TASK TO CARRY OUT:
Return each line exactly as written. Begin with the first line of the entries and end with the line that has "Ovid wrote many".

INPUT DATA:

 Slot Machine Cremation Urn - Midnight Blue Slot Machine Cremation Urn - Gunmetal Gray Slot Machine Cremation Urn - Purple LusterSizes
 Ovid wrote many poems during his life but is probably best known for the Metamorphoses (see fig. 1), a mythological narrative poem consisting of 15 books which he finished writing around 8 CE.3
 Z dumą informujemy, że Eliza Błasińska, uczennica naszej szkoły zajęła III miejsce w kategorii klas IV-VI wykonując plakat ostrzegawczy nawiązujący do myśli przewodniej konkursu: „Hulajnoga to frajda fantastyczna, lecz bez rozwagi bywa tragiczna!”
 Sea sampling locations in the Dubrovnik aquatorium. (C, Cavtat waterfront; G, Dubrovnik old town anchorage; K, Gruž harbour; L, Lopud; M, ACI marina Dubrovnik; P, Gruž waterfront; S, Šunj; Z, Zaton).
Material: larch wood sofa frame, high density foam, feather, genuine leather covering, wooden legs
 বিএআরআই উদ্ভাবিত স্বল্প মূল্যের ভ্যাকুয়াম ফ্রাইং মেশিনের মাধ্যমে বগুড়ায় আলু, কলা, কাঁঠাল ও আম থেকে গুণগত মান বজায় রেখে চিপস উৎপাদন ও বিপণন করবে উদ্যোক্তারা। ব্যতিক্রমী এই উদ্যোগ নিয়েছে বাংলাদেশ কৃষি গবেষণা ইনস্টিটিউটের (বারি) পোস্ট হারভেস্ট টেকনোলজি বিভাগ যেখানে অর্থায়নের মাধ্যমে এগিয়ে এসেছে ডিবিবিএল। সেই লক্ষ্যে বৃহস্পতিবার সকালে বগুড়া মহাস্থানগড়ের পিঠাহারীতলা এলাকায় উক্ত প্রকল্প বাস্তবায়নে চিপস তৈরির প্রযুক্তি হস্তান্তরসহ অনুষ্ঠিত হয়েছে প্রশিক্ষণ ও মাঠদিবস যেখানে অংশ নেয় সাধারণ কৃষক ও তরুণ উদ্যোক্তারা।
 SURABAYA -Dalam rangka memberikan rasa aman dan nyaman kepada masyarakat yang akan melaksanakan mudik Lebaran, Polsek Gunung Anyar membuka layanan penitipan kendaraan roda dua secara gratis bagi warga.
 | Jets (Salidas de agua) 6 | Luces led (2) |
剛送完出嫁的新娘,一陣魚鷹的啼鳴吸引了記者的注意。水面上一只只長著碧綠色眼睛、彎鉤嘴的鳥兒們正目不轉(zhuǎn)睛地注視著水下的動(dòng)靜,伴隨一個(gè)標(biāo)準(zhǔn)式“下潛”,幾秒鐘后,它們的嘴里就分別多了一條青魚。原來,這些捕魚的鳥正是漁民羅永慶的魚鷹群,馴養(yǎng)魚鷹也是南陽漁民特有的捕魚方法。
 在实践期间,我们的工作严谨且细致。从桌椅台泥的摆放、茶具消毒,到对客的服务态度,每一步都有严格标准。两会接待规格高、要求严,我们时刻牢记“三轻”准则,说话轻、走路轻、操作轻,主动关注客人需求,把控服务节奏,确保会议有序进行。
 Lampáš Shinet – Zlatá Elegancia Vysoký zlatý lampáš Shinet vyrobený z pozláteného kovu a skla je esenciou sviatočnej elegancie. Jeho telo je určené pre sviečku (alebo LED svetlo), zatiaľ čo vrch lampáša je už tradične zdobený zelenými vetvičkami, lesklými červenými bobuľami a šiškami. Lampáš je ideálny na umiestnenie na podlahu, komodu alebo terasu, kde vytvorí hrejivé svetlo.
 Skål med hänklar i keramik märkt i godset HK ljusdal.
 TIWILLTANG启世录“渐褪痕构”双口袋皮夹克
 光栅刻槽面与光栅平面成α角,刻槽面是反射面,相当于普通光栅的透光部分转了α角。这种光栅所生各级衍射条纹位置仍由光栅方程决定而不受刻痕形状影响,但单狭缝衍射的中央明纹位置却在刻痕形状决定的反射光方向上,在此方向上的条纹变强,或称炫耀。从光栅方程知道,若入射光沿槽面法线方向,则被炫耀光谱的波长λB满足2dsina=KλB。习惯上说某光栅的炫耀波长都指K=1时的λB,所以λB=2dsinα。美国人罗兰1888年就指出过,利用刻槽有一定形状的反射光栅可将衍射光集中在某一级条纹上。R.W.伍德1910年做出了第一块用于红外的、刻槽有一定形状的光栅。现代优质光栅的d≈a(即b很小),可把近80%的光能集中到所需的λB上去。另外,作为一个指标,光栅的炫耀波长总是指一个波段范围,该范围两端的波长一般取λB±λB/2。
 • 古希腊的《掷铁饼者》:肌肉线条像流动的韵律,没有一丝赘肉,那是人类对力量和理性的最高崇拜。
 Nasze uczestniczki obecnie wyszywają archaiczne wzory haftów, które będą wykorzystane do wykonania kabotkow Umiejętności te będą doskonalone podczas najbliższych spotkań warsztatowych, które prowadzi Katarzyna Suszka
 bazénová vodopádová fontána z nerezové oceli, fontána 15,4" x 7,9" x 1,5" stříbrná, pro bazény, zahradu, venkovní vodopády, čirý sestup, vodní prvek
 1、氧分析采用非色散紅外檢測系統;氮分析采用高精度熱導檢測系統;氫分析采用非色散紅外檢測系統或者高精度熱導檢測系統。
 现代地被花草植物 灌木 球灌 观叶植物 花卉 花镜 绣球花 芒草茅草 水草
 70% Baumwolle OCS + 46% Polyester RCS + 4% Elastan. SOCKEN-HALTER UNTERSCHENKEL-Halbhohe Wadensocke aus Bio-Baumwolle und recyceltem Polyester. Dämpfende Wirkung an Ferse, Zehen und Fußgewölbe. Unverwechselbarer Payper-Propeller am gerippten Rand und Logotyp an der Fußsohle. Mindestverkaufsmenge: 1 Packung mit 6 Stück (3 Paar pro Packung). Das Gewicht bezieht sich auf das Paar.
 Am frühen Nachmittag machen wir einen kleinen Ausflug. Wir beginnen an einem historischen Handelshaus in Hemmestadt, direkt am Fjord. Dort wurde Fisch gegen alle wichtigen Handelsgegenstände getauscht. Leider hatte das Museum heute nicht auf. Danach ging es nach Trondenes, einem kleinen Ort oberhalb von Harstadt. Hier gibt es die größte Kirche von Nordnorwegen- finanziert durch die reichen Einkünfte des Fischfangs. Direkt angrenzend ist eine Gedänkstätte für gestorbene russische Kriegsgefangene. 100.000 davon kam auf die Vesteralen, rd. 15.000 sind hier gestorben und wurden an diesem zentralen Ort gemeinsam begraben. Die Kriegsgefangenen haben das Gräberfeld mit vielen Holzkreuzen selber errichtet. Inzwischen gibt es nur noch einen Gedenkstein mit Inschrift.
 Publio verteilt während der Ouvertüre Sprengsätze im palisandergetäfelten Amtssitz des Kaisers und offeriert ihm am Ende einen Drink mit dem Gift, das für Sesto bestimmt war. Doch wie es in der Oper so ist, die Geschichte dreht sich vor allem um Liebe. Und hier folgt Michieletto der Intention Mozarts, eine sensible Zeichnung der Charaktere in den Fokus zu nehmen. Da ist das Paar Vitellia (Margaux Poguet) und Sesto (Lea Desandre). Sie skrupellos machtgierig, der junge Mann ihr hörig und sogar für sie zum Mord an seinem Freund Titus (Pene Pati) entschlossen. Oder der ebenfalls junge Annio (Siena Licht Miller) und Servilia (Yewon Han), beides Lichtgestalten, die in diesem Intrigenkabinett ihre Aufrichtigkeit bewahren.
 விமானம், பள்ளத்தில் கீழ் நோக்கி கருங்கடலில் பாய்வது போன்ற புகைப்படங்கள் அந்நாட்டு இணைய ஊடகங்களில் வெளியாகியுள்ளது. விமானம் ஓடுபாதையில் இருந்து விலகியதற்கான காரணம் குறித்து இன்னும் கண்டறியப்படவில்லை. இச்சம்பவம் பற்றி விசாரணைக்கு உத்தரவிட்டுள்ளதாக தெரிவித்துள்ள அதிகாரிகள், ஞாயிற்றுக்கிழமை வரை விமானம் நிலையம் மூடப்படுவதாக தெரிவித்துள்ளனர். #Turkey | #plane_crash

SOLUTION TO THIS EXERCISE:
 Slot Machine Cremation Urn - Midnight Blue Slot Machine Cremation Urn - Gunmetal Gray Slot Machine Cremation Urn - Purple LusterSizes
 Ovid wrote many poems during his life but is probably best known for the Metamorphoses (see fig. 1), a mythological narrative poem consisting of 15 books which he finished writing around 8 CE.3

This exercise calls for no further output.